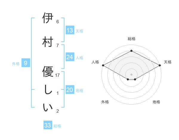 伊村 優しいさんを姓名の画数から五運を鑑定
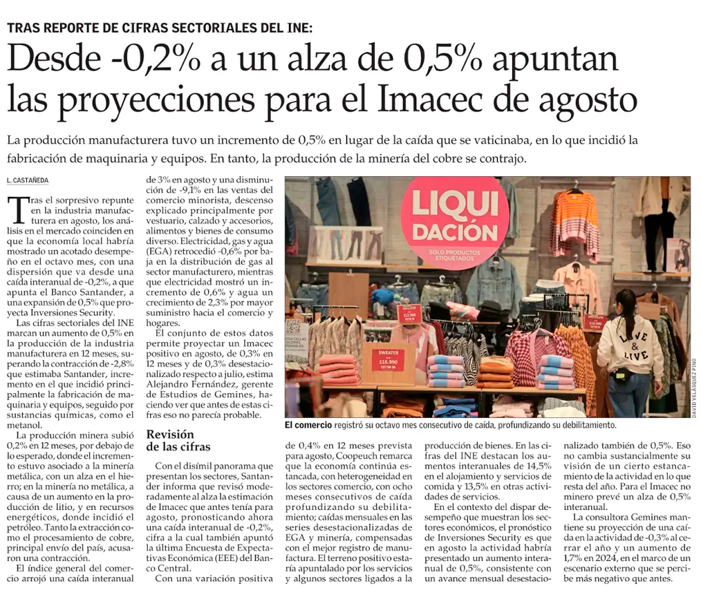 Imacec de agosto anotaría alza de entre 0,3% y 0,5% - (Pulso)
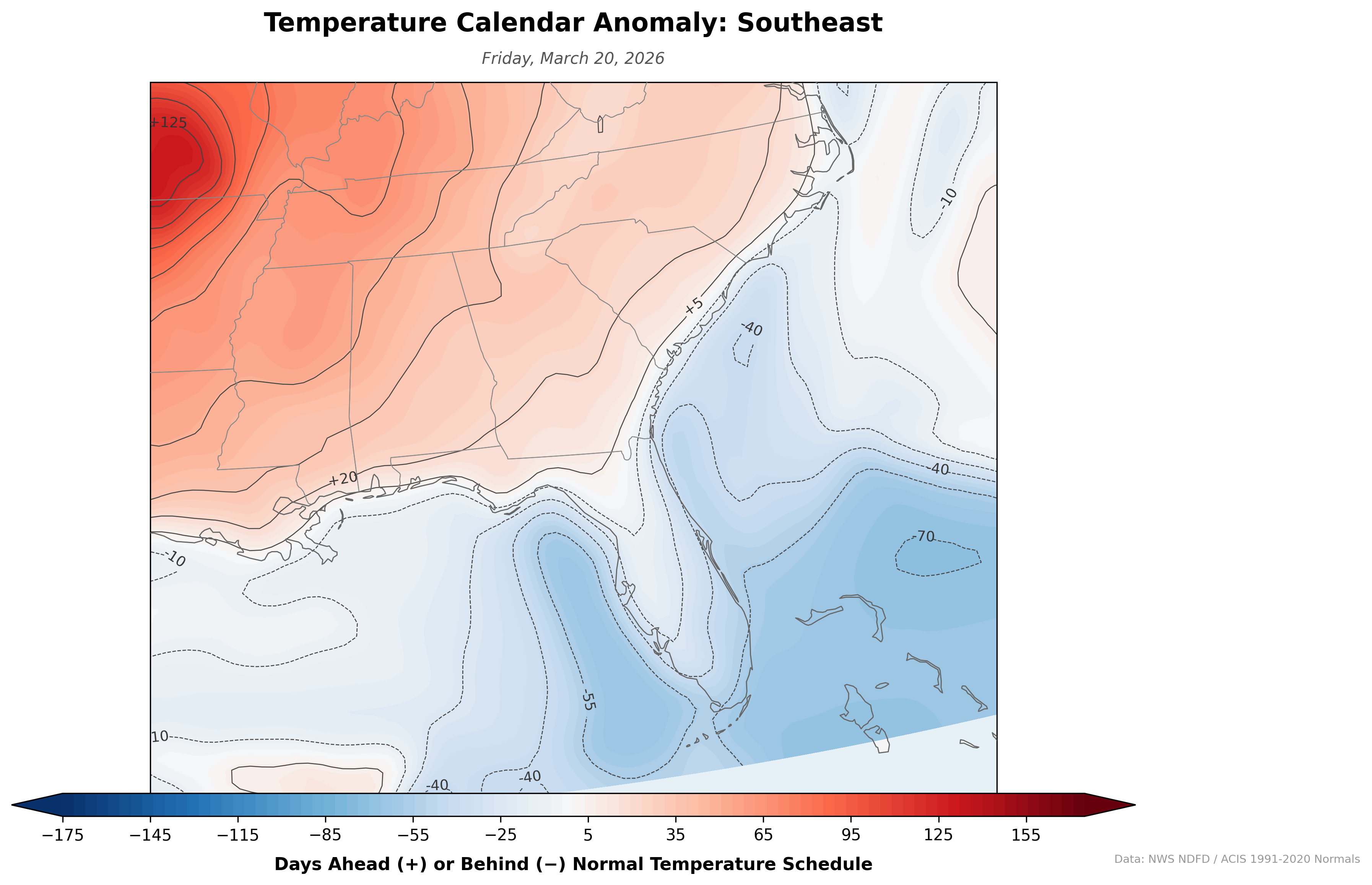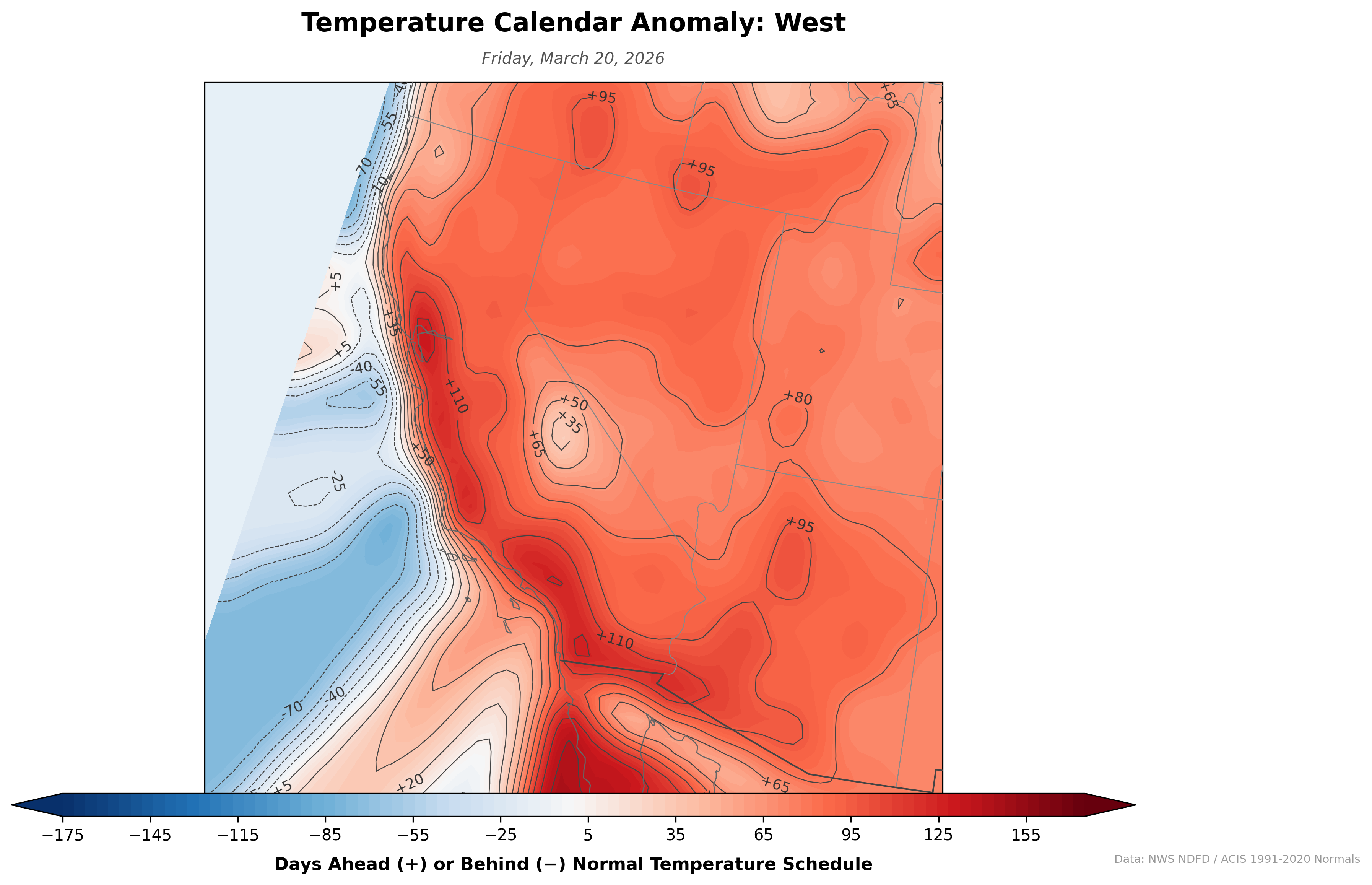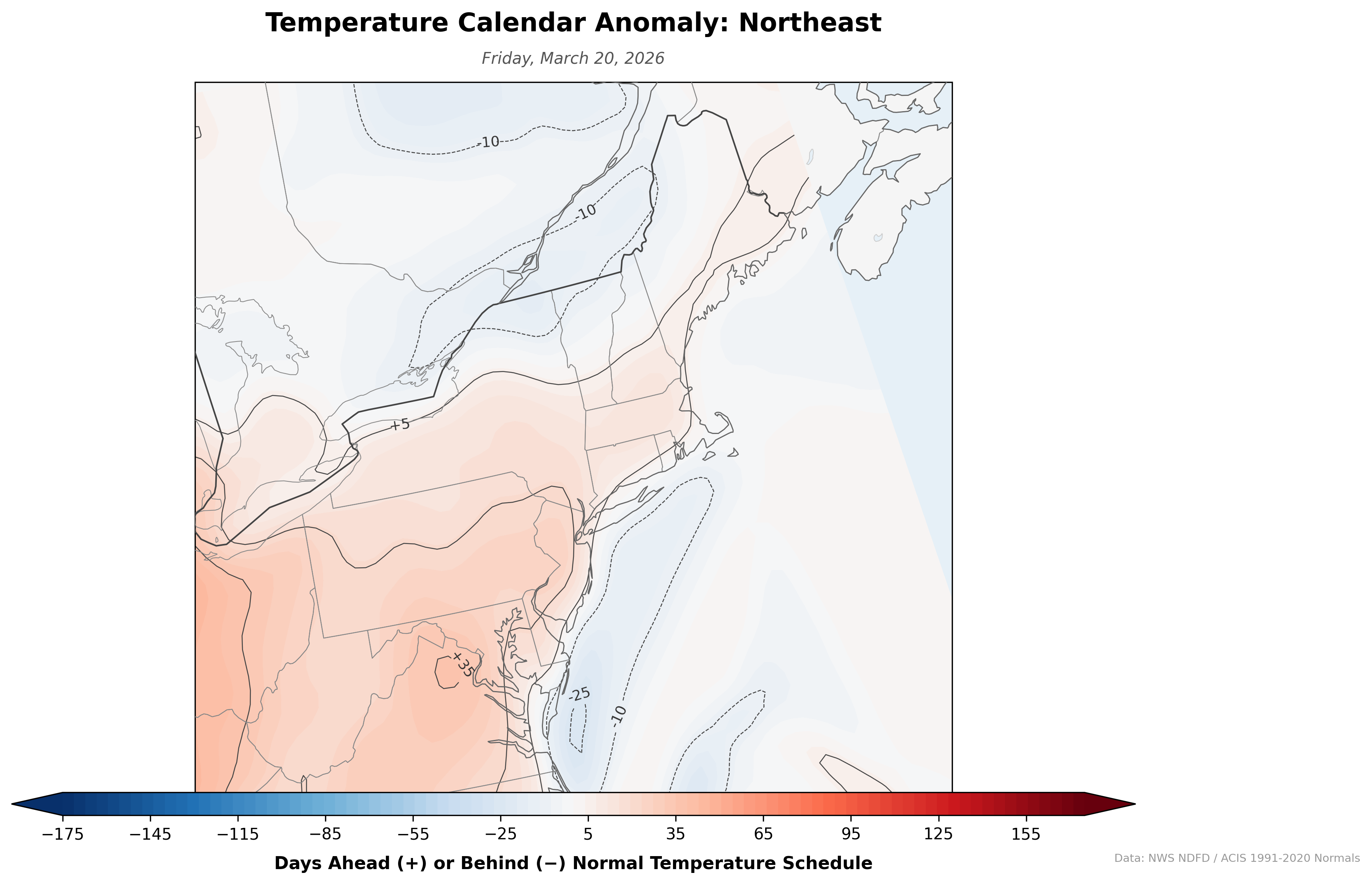 A daily-updating map that reframes temperature anomalies as time rather than degrees. Instead of showing "5°F above normal," it shows how many days ahead or behind the normal temperature schedule each location is. If the forecast high for July 1 matches the climatological normal for July 15, that spot shows +14 days — two weeks ahead of schedule.

### ACTIVITY
Where a picture appears in the listing above, skip it and set down all the rest exactly.

### SOLVED PROBLEM
 伊村 優しいさんを姓名の画数から五運を鑑定
 Imacec de agosto anotaría alza de entre 0,3% y 0,5% - (Pulso)
 A daily-updating map that reframes temperature anomalies as time rather than degrees. Instead of showing "5°F above normal," it shows how many days ahead or behind the normal temperature schedule each location is. If the forecast high for July 1 matches the climatological normal for July 15, that spot shows +14 days — two weeks ahead of schedule.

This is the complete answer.